Sweet Potato Pancake Low Sugar

Sweet potato is a common staple in South East Asian and is quite reasonably priced. With its naturally sweet flavour, it is great in making sweet snack. You can almost go sugar-free with this sweet potato pancake, depending on how sweet the sweet potato is. We love this simple, low sugar pancake with our afternoon tea.


  • 200g sweet potato
  • 50g plain flour
  • 100ml fresh milk
  • 1 teaspoon brown sugar
  • A little sunflower oil for frying


  1. Peel the sweet potatoes, rinse and chop into small chunks. Boil it for 15-20 minutes or till soft, then drain.
  2. Pour the milk and brown sugar into the cooked sweet potato chunks, mash the mixture till pasty.
  3. Gradually add the flour into the mashed sweet potato, and mix well into a batter.
  4. Heat the oil in a flat pan. Turn heat to low when the oil is starting to boil. Carefully scoop a tablespoon full of the sweet potato batter into the pan, and spread it outward to make a roundish flat piece.
  5. Fry the pancake for about 1 minute then flip it over. Lightly press it down with a masher to make the pancake thinner and more even in thickness.
  6. Flip the pancake over every 2-3 minutes till both sides are golden brown.
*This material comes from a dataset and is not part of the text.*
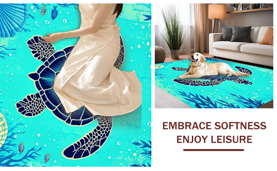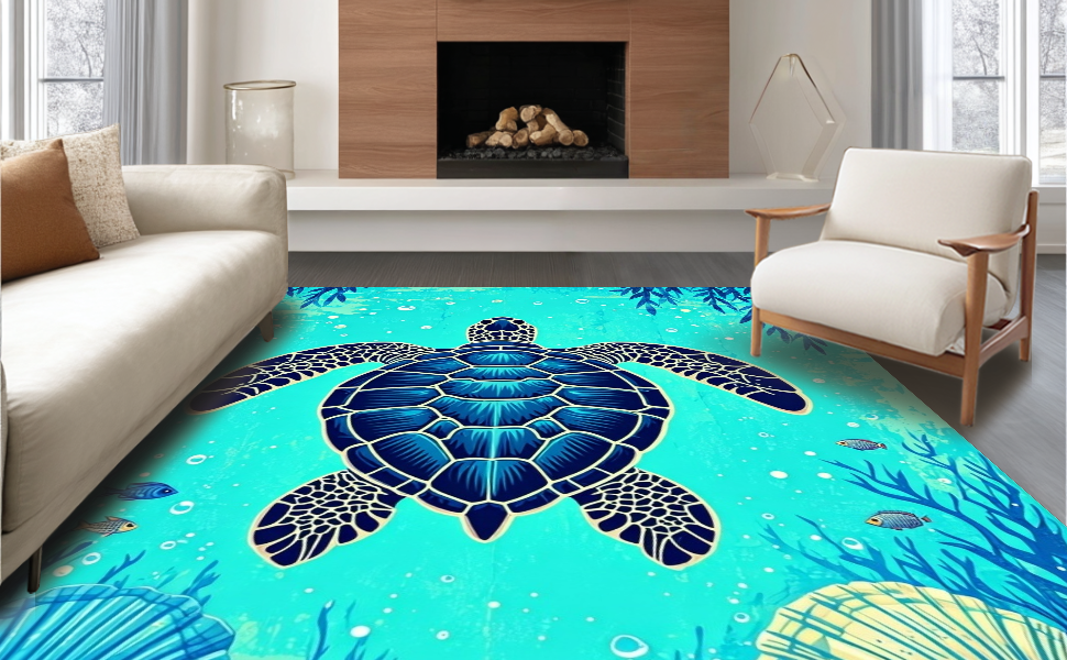 Ultra Soft Area Rug, Non Slip, Stain Resistant, Washable Area Rugs for Living Room, Bedroom, Lively Teal Lagoon Style(Blue) Overview:

Remove from pan and place it over some paper napkin to absorb extra oil.
  7. Repeat till all the batter is used.
  8. Serves 4.

Versatility Note:

  1. You can pick whichever type of sweet potato that is available: orange, purple, or yellow.
  2. Some sweet potatoes may be sweeter than others, but you could test a small piece of boiled sweet potato before mashing, to estimate how much sugar to add according to your taste.
  3. You can replace milk with water or soy milk should you prefer not to have dairy in your cooking.